I'd [still!] like the full disassembly of case 2. But, I'll take a guess.
(1) The compiler fills rdi
with a value [the correct one]. It is the address of src
[probably from the new
and/or malloc
].
In the MS ABI, rdi
is considered "non-volatile". It must be preserved by a callee
(2) Case 2 then calls init_method
. But, init_method
does not preserve rdi
[as it must]. It uses it for its own purpose (e.g. edi
). So, upon return, rdi
has been trashed!
(3) When the program returns from init_method
, the compiler expects that rdi
will have the same value it had after step (1). (i.e.) The compiler has no knowledge that init_method
corrupted rdi
, so it uses its value to set rcx
[the first argument to ASM_Method
]. This should be the src
value but it's actually whatever value init_method
set it to (i.e. a junk value, relatively speaking)
UPDATE:
The ABI is different for various platforms [usually, just the compiler]. gcc
and clang
have a different calling convention than MS (i.e. MS is the odd duck or usual suspect). For example, with gcc/clang
, rdi
holds the first argument and is volatile
Here's the wiki link that should highlight most of the ABIs: https://en.wikipedia.org/wiki/X86_calling_conventions
UPDATE #2:
But why does one refer to the stack (i.e float src[64]) yet the other refers to registers (new float[64])before calling?
Because of compiler optimization. To explain, we'll "turn off" optimization for a bit.

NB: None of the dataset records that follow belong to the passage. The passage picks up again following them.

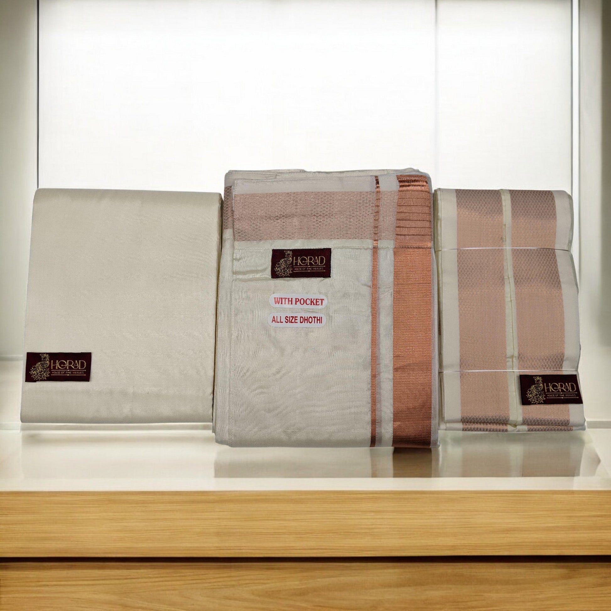 HORAD Premium Art Silk Cream Welcro Dhoti with Shirt Material + Angavastram
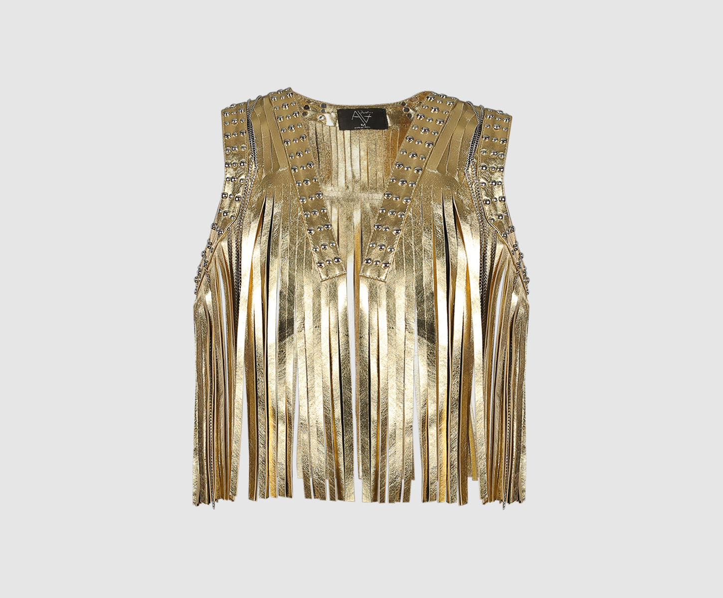 - Flowing fringed leather vest with studs and tiny chains details
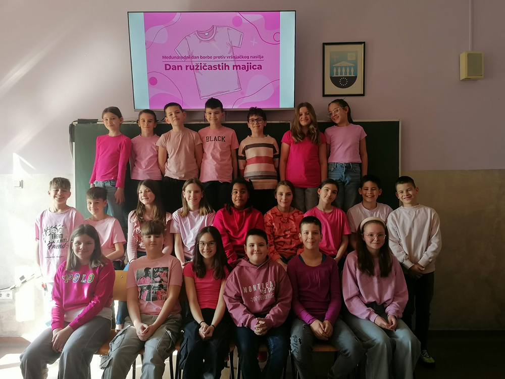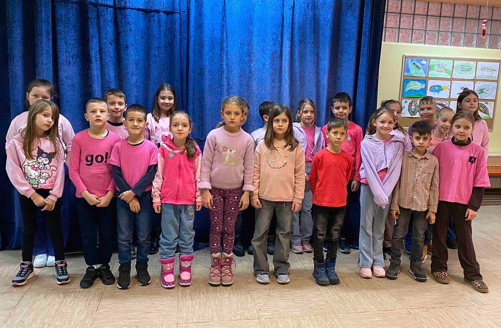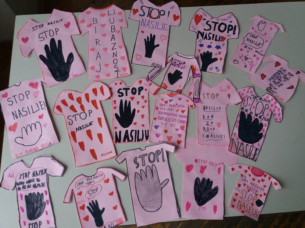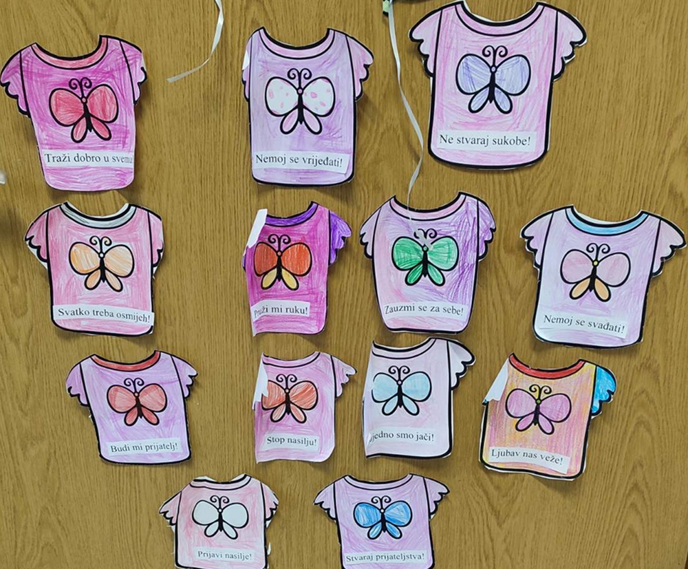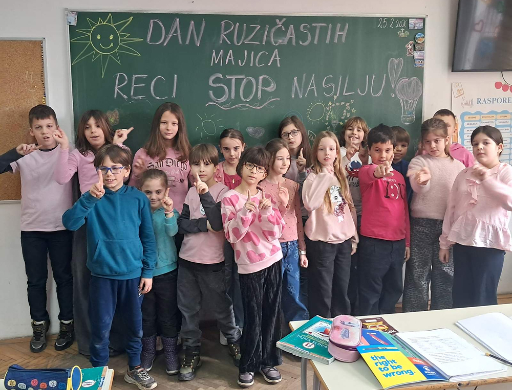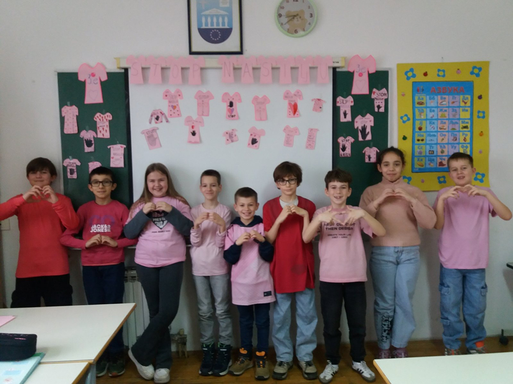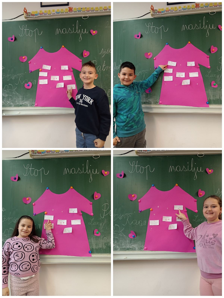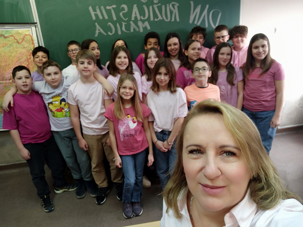 U kreativnoj radionici učenici su od ružičastog papira izrađivali male majice, pažljivo ih izrezivali i na njih ispisivali snažne poruke protiv nasilja:„Stop nasilju“ i „Biraj ljubaznost“. Svaka poruka nastala je iz dječijeg srca i iskrene želje da naš razred bude mjesto sigurnosti, osmijeha i podrške. Na Dan obilježavanja ružičastih majica u srijedu, 25. veljače 2026. godine učenici su obukli ružičaste majice kao simbol zajedništva i jasne poruke – nasilju nema mjesta među nama.
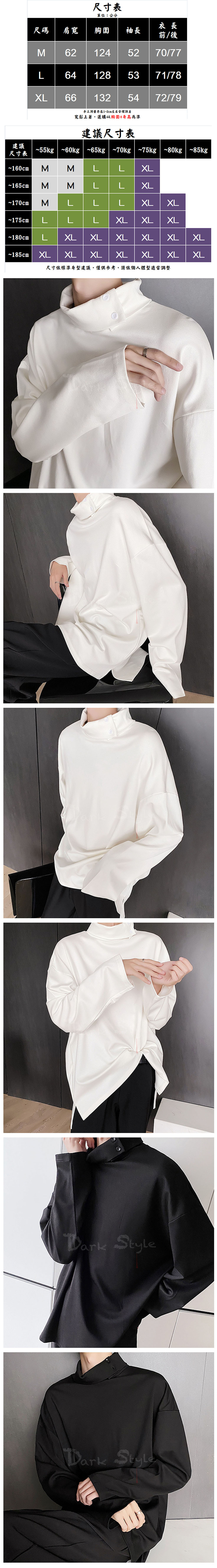 說明:中厚磅 / 圍領 / 過長袖 / 下擺前短後長 / 純色
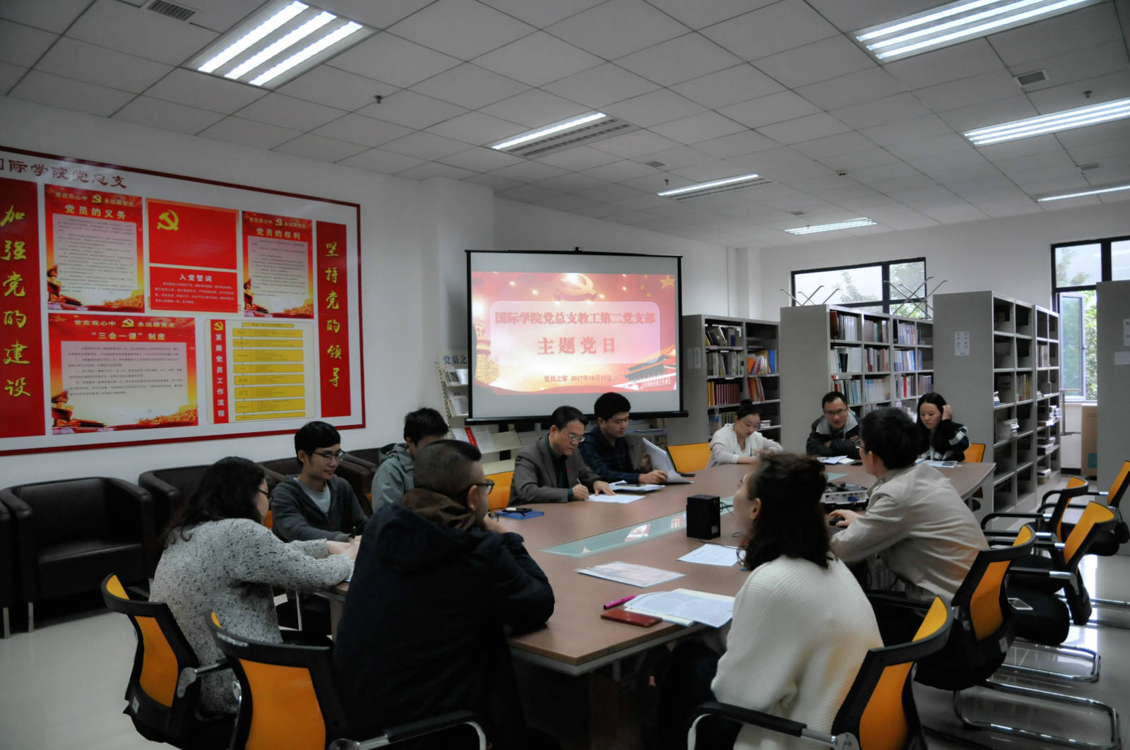 10月13日下午2:30至4:30,sunbet申搏教工第二党支部全体党员在公司党员活动室举行主题党日活动。支部书记李林泽同志首先带领全体党员学习了《主题党日让党性锤炼“大熔炉”烧得更旺》一文,对党日活动的内涵、目前党日活动存在的问题、应当采取的措施等进行了深入解读。随后,全体党员同志观看了《不忘初心 继续前进》专题片。在交流发言环节,同志们纷纷表示,对国家近年来外交成就的回顾,极大增强了国家荣誉感和民族自豪感,并结合自身工作,畅谈了国家外交战略对来华留学工作的启示。
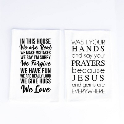 2pk Cotton Wash your Hands Kitchen Towels - Wildwood Landing: Typography, Machine Washable, 30"x30", White, Set of 2
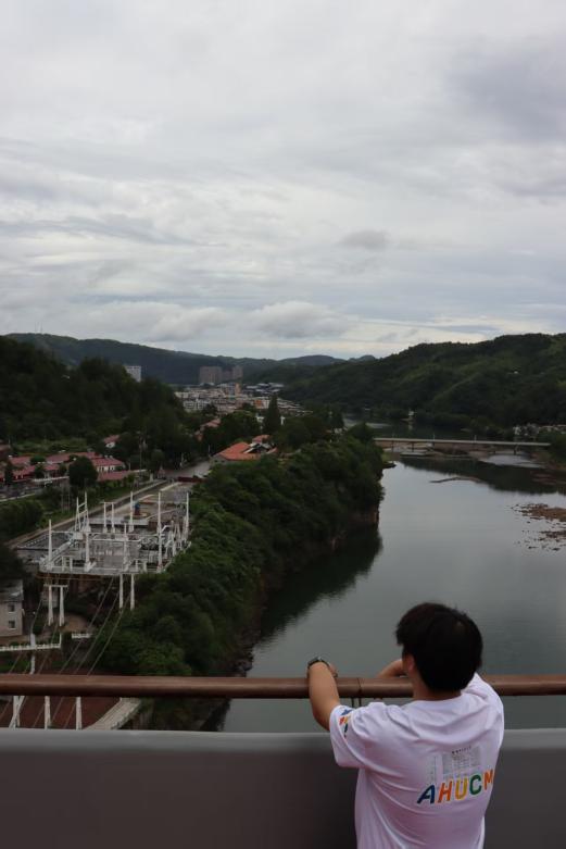 圖為梅山水壩前留影(沈威 攝)
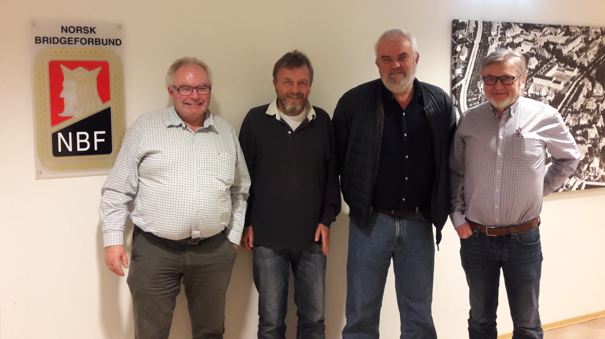 Lag Johnsen vant til slutt kvalifiseringskampen med mer enn 100 IMP. Fra venstre Sverre Johnsen, Jan Mikkelsen, Åsmund Stokkeland og Arve Farstad.

All function scoped variables have a "reserved slot" in the function's stack frame. All these "slots" have a fixed offset within the stack frame that is known to [is computed by] the compiler. If the function has a stack frame at all [some leaf functions can elide it], then all variables have their slots, regardless if optimization is being used or not. Hold that thought ...
When you have a fixed size array as in case 1, the entire space (i.e. data) for that array is within the frame. So, the address of the given array is the frame pointer + the array's offset. Hence, the lea rcx,[rbp + offset_of_src]
Scalar variables have slots, too. That includes things like "pointers to arrays", which is what we have in case 2.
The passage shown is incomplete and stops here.